Dr Daniel Lucey describes the day that talented 10-year-old Momodu was discharged from MSF’s treatment centre in Monrovia, and the leaving present given to him by admiring staff.
Today, Momodu is going home. Ten-year-old Momodu has been here for three weeks, which is a long time in an Ebola treatment centre. Yesterday afternoon we got his latest test results, and at last they were negative. He was sitting in the tent closest to our office, so we could tell him the results straight away. He was overjoyed. He had a huge smile on his face, and was jumping up and down and waving his arms around. He was so happy to have survived Ebola.

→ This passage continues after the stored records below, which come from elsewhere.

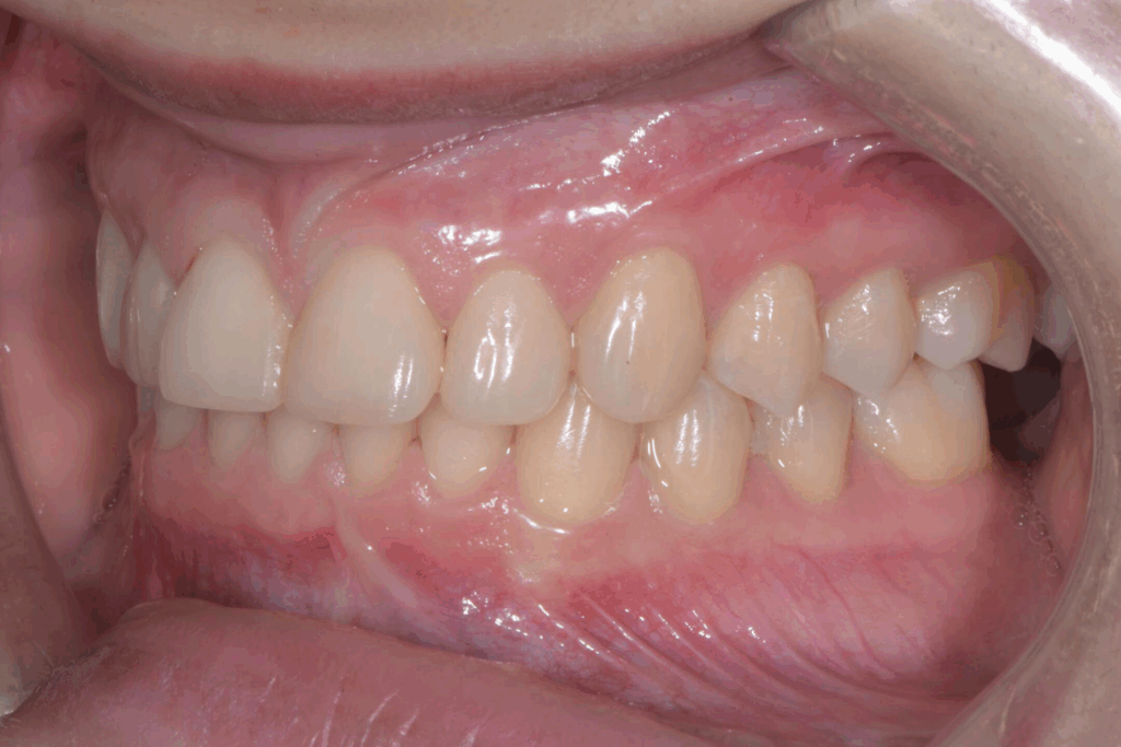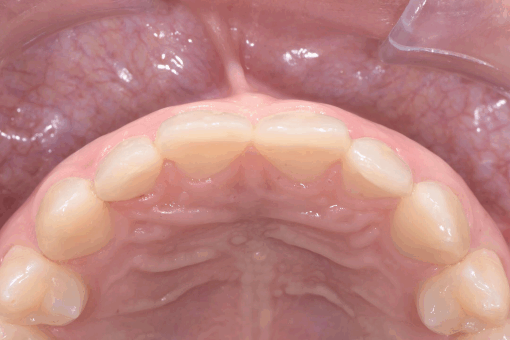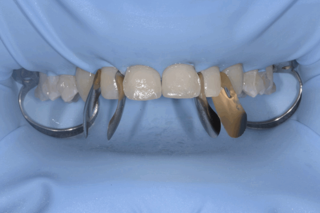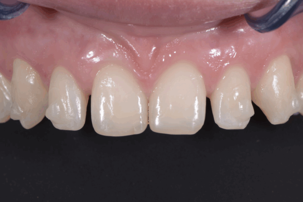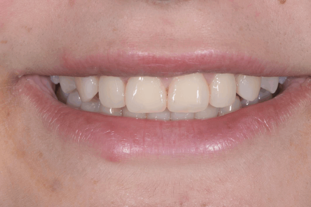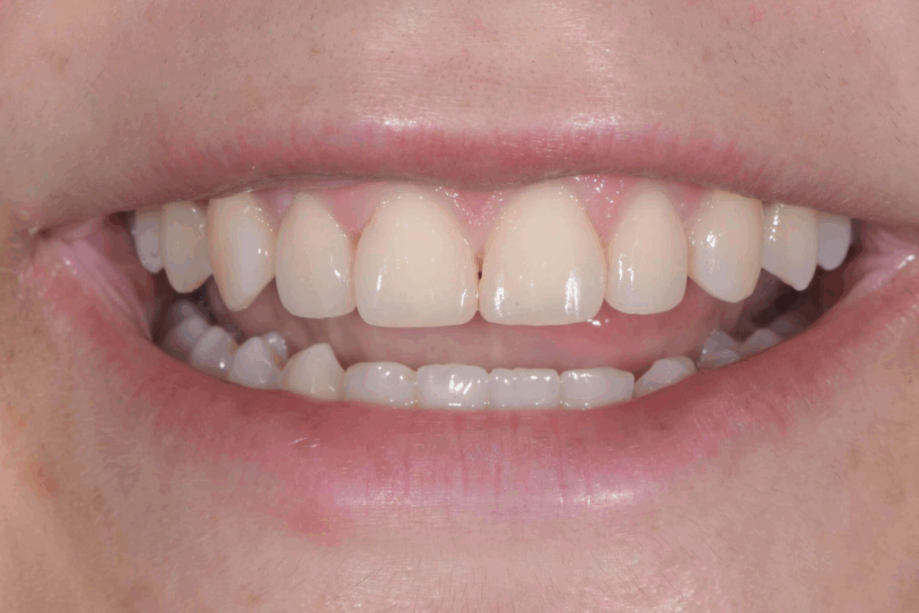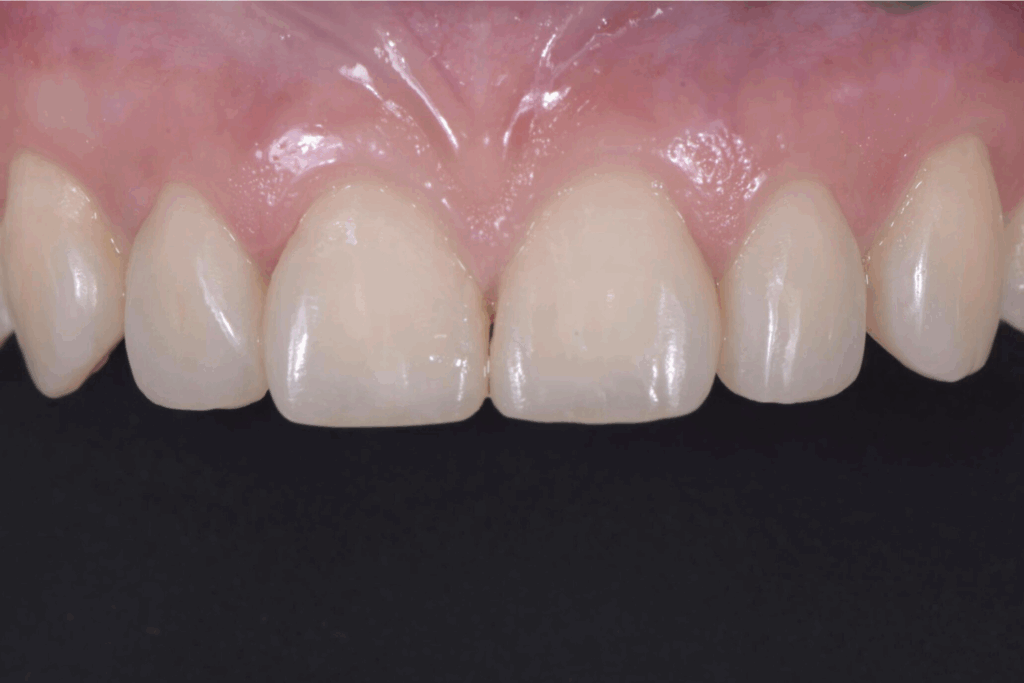 Una volta completata la fase ortodontica, siamo passati alla finalizzazione estetica degli incisivi superiori. Utilizzando la tecnica della ricostruzione in composito, abbiamo aumentato le dimensioni dei denti, migliorandone la forma e l’armonia con il resto del sorriso. Il composito, un materiale estetico e versatile, ci ha permesso di ottenere un risultato naturale e duraturo senza sacrificare la struttura dentale originale.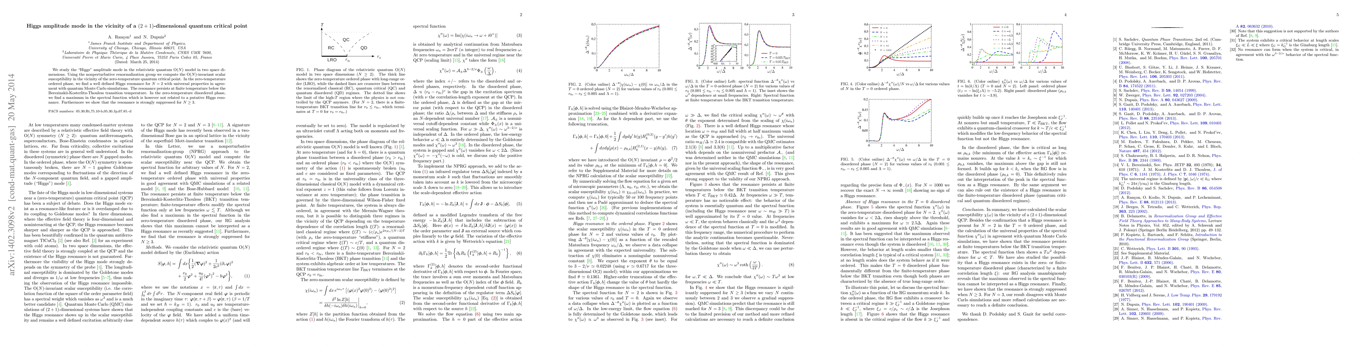 This paper investigates the "Higgs" amplitude mode in the $(2+1)$-dimensional quantum O($N$) model near a critical point, finding a well-defined Higgs resonance for $N=2$ that persists at finite temperatures. The resonance is strongly suppressed for $N\geq 3$ and absent in the disordered phase.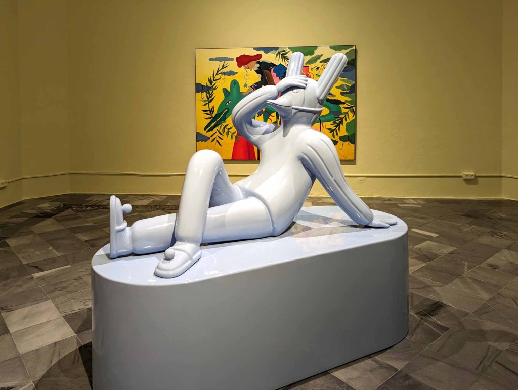 Another exhibition “Paths to Modernity in Les Falles” by local artist Alfredo Ruiz Ferrer (1944-) piqued our interest because of the Las Fallas connection. Ruiz began training in the trade of the Fallas workshops when he was 13 years old and for decades he created pieces for Falles, winning first prize in the Special Section in 1974, 2008 and 2013. The exhibition focuses on his decorative pieces and we felt the piece below, entitled ‘Encounter with art’, 1990 was intriguing. If you look closely you may see art by Miro, Mondrian, Gris and Kandinsky included in the composition.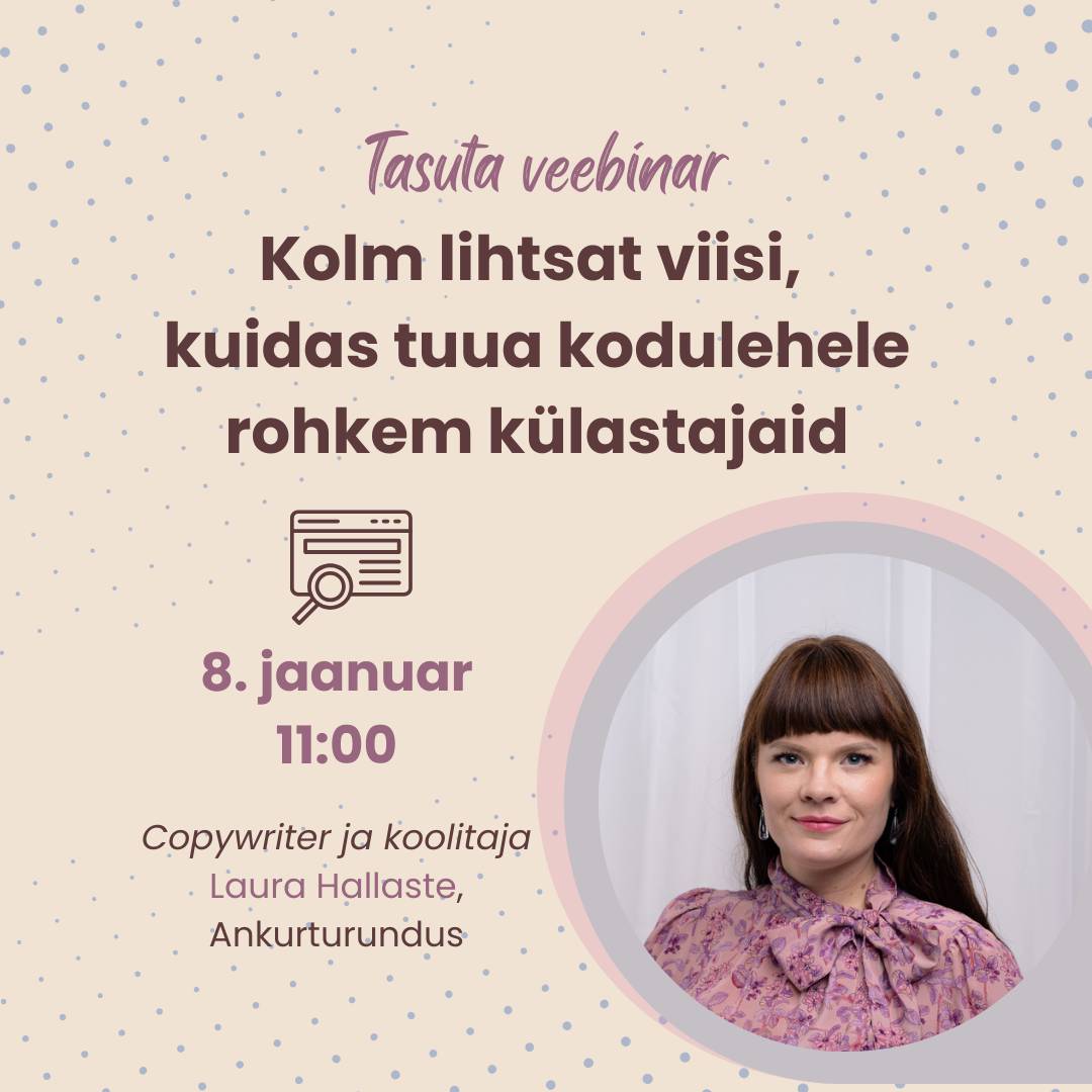 Kuidas saada kodulehele rohkem liiklust, ilma et peaksid selleks tasulist reklaami tegema? Veebinaril räägime, millised kolm lihtsat nippi aitavad kodulehele järjepidevalt külastajaid tuua — ka siis, kui sa ei jaksa pidevalt postititada või uusi kampaaniaid käima tõmmata.

When Momodu arrived here, he was very sick. He couldn’t even sit up in bed by himself. He had to rely on the nurses and stronger patients who were already recovering to help him drink and eat.
I like to call patients who are recovering their strength ‘pre-survivors’. Although their blood tests have shown that they are not yet ready to be discharged, they are strong enough to walk around, and to help look after the weaker patients.
Momodu was helped a lot by one man in particular – a patient who stayed on at the hospital even after he had been cured. It really helped Momodu to have someone there to look after him, day and night, until he had the strength to sit up by himself, to feed himself, and eventually to walk out of the tent and sit in a chair outside. It was a very special moment when he was able to do that.
While Momodu was recovering, he always sat in a particular spot in the shade with an 11 year old girl, a five-year-old boy, and two younger children.
Playing together, feeding each other and making each other’s spirits strong can really help people fight off the Ebola virus, whether they are children or adults.
One thing that Momodu loves to do is to draw pictures – beautiful pictures in colour. Alessia, an MSF nurse from Italy, gave Momodu some coloured pencils and drawing paper. Each day he did a new picture – he showed me at least 10 drawings he had done. Of course, you can’t take anything out of the high-risk zone, not even paper, and so we took photographs of the pictures, and had them enlarged and laminated. Today we gave them to him as a leaving present.
Momodu has really lifted our spirits. The nurses, the physician assistants and I have put copies of his drawings on the outside walls of the office. People passing by stop to admire them. Momodu is a very talented young boy, and I can’t wait to see what he’s doing in 15 years – I hope by then he is a famous Liberian artist. But today, Momodu looks like any normal 10-year-old: smiling, walking, talking and drawing more beautiful pictures. It’s a very happy day for everyone.